(Dataset section)

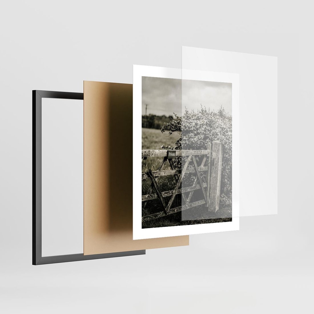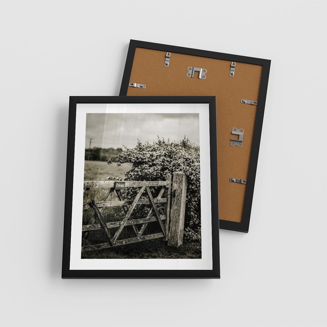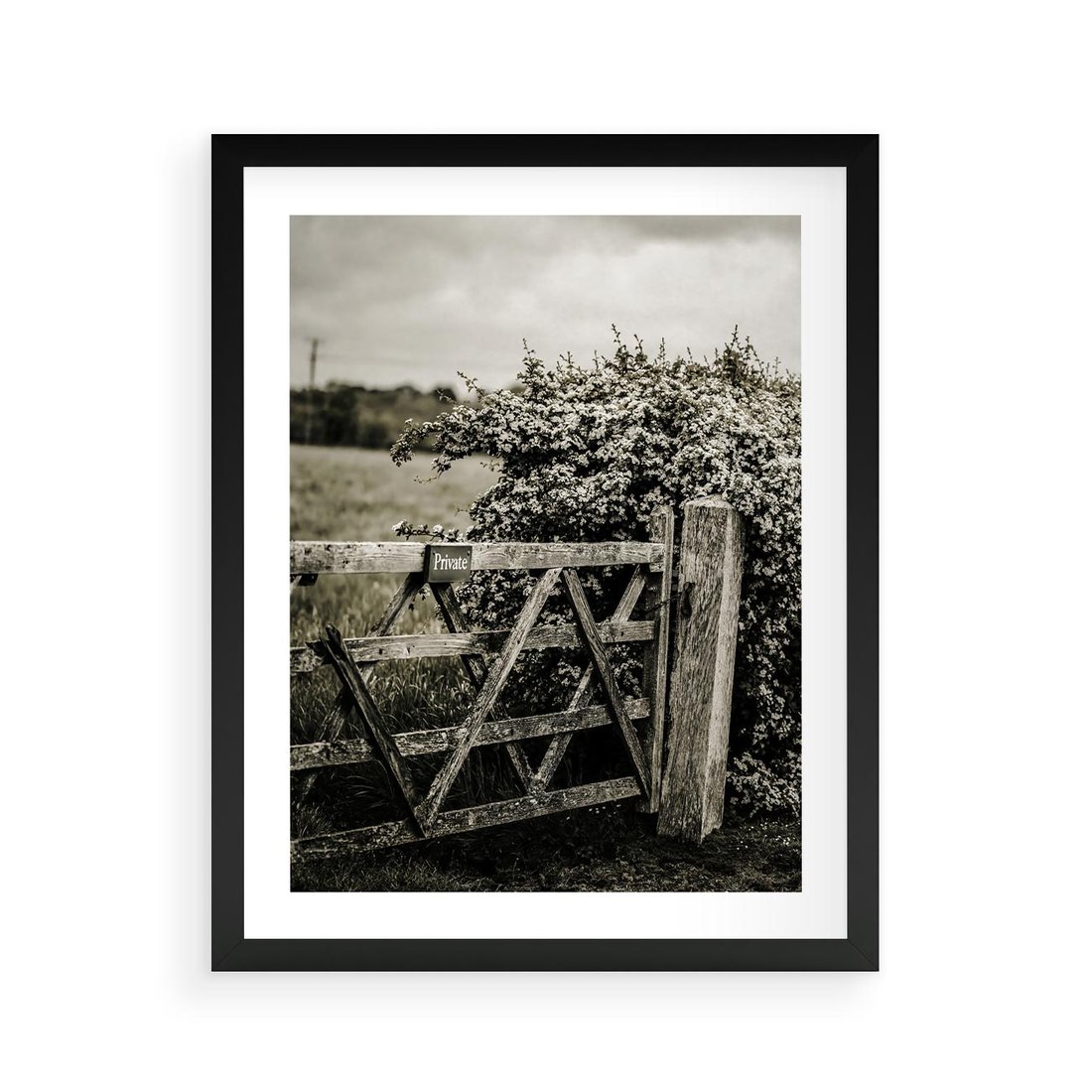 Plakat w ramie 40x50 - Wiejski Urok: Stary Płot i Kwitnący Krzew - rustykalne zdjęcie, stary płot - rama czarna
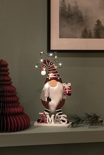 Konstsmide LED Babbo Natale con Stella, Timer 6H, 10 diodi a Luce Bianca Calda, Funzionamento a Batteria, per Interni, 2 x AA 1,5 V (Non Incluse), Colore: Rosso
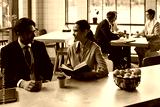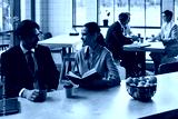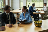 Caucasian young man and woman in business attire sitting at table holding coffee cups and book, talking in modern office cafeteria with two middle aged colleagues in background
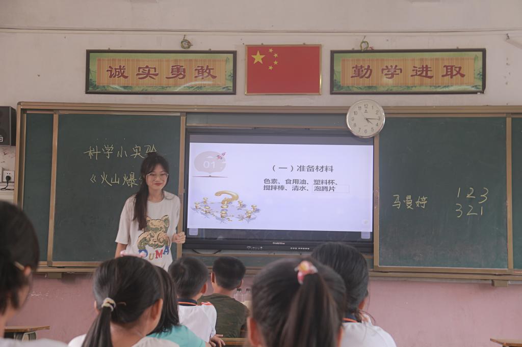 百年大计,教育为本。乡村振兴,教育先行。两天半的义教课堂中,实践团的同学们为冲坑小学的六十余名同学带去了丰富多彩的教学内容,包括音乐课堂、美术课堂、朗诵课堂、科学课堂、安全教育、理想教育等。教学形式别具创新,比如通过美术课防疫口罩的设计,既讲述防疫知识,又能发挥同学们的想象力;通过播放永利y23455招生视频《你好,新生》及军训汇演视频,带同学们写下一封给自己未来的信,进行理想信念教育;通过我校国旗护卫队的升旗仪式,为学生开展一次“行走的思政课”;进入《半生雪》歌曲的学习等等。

(Activity) Please give again, word for word, the lines from the one containing "Konstsmide LED Babbo" through the last line of the listing above, inclusive, and leave out pictures.

(Worked solution)
 Konstsmide LED Babbo Natale con Stella, Timer 6H, 10 diodi a Luce Bianca Calda, Funzionamento a Batteria, per Interni, 2 x AA 1,5 V (Non Incluse), Colore: Rosso
 Caucasian young man and woman in business attire sitting at table holding coffee cups and book, talking in modern office cafeteria with two middle aged colleagues in background
 百年大计,教育为本。乡村振兴,教育先行。两天半的义教课堂中,实践团的同学们为冲坑小学的六十余名同学带去了丰富多彩的教学内容,包括音乐课堂、美术课堂、朗诵课堂、科学课堂、安全教育、理想教育等。教学形式别具创新,比如通过美术课防疫口罩的设计,既讲述防疫知识,又能发挥同学们的想象力;通过播放永利y23455招生视频《你好,新生》及军训汇演视频,带同学们写下一封给自己未来的信,进行理想信念教育;通过我校国旗护卫队的升旗仪式,为学生开展一次“行走的思政课”;进入《半生雪》歌曲的学习等等。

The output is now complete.